Every day the storage administrator of a global financial services company faces the same challenge: managing an expanding global footprint of over 200 NetApp networked-attached storage filers with an installed capacity exceeding one petabyte. Beyond the sheer magnitude of the capacity-management problem, the administrator must also satisfy increased regulatory and data retention requirements and manage within the company's resource constraints of space, servers, and power. The administrator needs transparency within this massively expanding universe and needs a way to know what storage and data he has, so he can manage it. Since 2002, this administrator has met his monitoring and reporting needs using Tek-Tools Profiler. Tek-Tools is now part of SolarWinds.
Initially he used Profiler to determine his overall CPU and disk capacity. Once that was better understood, he could analyze at the next level, and answer questions such as:
- How much of the storage pool is allocated?
- For the storage that is allocated, what is the true utilization?
- How much storage is being used for data retention?
- How much storage is snapshot related?
- Are the snapshots too large?
- How much capacity is in my Q-trees, both soft and hard?

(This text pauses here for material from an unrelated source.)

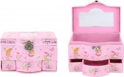 Cutie de bijuterii cu sertare. În interiorul capacului se află o oglindă, iar în partea de jos a cutiei se găsesc 3 sertărașe practice. Dimensiunile cutiei de bijuterii aprox. 17 x 11,5 x 10 cm. Ambalată în săculeț. Vârsta 3+

He now uses Profiler to forecast capacity requirements for both CIFs and NFS. And he analyzes the company's usage from the top down beginning at the servers, through storage, through Q-trees, to files. Profiler also provides valuable information so that he knows how much data he has to back up.
Using Profiler to Enforce Policies
Email archives represent an area of particular risk for the company. For regulatory-compliance reasons, email archives are sensitive data. Email cannot be deleted and must be available for search. This administrator must know where the archives are stored, how many are being modified, how many are stale, and how much time it will take to back them up. With such a globally-distributed organization, it is virtually impossible to educate and control the behavior of employees to ensure that all email archives are stored in a common repository. Yet, he is responsible for ensuring that all email archives are managed in a common way, in accordance with company policy.
Using Profiler to Improve Backup Efficiency
Tek-Tools Profiler provides a powerful tool enabling the administrator to locate and migrate all PSTs to a common pool, so they can be backed up more efficiently, monitored more effectively, and managed in compliance with company policy and regulations. Distributed data is difficult to manage. Profiler’s ability to locate and migrate data enables the application of a storage service-level and uniform set of policies for each type of data. Profiler is now used to provide a deep analysis of the data. The biggest win for the company has been in understanding what is living within the volumes, classifying the data, and understanding what is driving the storage growth.
A Look Towards the Future
In the future, the administrator sees that Profiler will have an impact all the way through to the business units, which are facing additional regulatory requirements and a need for greater transparency. In his mind, everything gets more acute. Business managers and the IT managers that support them need a cleaner, better understanding of the data. They need greater reporting accuracy and the ability to control risk. Toolsets will need to understand the life of the data. Longer term, this user believes that there will eventually be an OS that monitors metadata, that understand the data, the files, and the directories.
In the meantime, users need tools, such as Profiler, to manage their storage and their data. During these difficult economic times, it is tempting to prune data, since you don’t have to store or manage what you don’t have. But in his words, “You have to know how to prune. You don’t prune with a machete.”
Action Item: Implement easy-to-install reporting and monitoring tools to analyze storage capacity, utilization, and performance. Ensure that tools provide visibility, not only to storage infrastructure, but also both top-down and drill-down views from servers, through the network, to the storage and the data. Ultimately storage is not about disk, it’s about data. Different data requires different storage and different policies. Leverage centralized monitoring and reporting tools, rather than user controls, as a more cost-effective way to enforce data policies.